Let's not destroy this unique model of democracy, built over centuries of insubordination, to all and nothing, justified and unjustified, this is a dish and a sauce of exceptional rarity, of a complexity unanalysable, of which no one has the recipe because the French possess a tiny portion each, like a thousand individual spices. Let's not lose the magic formula, that special touch...It is this individual freedom at the heart of the collective, like in jazz, the only true democracy, the only true equality, and without which the voice of the worker, the company boss, the baker, the artist, the teacher, the craftsman, the office worker or team manager is neither more nor less important than that of a minister, because objectively each has their place in a republican collective, French style. This is the project of individual freedom in a society that is an elaboration of a thousand cheeses, wines, recipes, towns and villages, businesses, trades, and it is this diversity that creates its freedom and beauty. This was the project for a socially mixed society even in its economy, drawn up by the  Conseil National de la Résistance (1944), a project perverted and fought by the founding architects of the  European Community, from the centre-left (Jaques Delors), the right (Jean Monnet) or the extreme right (Robert Schuman), and by their current successors. 

It is this slow infusion of centuries of rebellions the most diverse since the middle ages that has determined our republic of which the point of sublimation was that big beautiful incomparable French Revolution.
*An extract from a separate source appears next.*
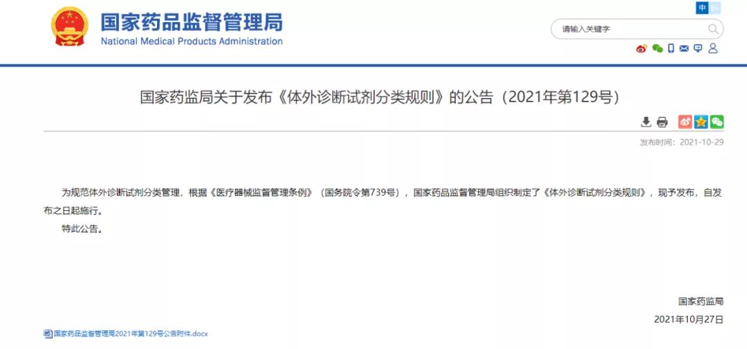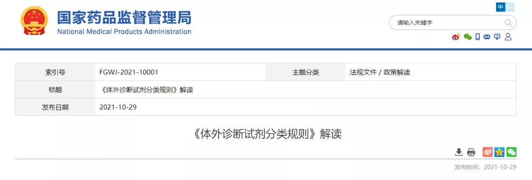 第八條 體外診斷試劑分類目錄由國家藥品監(jiān)督管理局制定并發(fā)布。國家藥品監(jiān)督管理局根據(jù)體外診斷試劑生產(chǎn)、經(jīng)營、使用情況,及時對體外診斷試劑的風險變化進行分析、評價,對體外診斷試劑分類目錄進行調(diào)整。

Jean-Claude Milner (Relire la Révolution, Verdier) has well defined its unique character to have been on a completely different scale from other revolutionary shoots that were inspired by the French Revolution. 

France itself has maintained this flame by volcanic resurgences like the Trois Glorieuses of 1830, the Days of 1832 recounted by Victor Hugo and Alexandre Dumas, the Revolution of 1848, the Paris Commune of 1871, the Law of 1905 on secularism, the Paid Holidays in 1936, and the ensemble of social struggles like the epic miners strike after the Second World War...

Emerged from all of these street irruptions in the political functioning of our republic, are the wealth and values of solidarity and individuality, courage in particular, even sometimes in defeat, which makes French society an ideal model and the most visited country in the world, which is not by chance, but because it has taste, good taste, that of freedom.

La révolution des casseroles correctly puts sound and light on the corruption that threatens this history of France, and even more so today in a world controlled by mafias and oligarchs, because corruption conditions and subordinates all practices and organises all the other dangers: political, economic, demographic, ecological,cultural... Corruption put Hitler in power and it recently elected Donald Trump to the summit of the world's biggest military power.

This very free concert of casseroles against corruption is the most beautiful –and still small– political music that we have heard in a long time. Romania and Iceland have given it some beautiful orchestrations; from Italy and Spain, from Greece or Brazil and Russia a few echos are coming our way. But let's wait for the next course...

Yves Sportis
Translation by Sandra Miley

        1. A lobbyist defends individual interests and private property in opposition to a citizen who defends general interests and public property.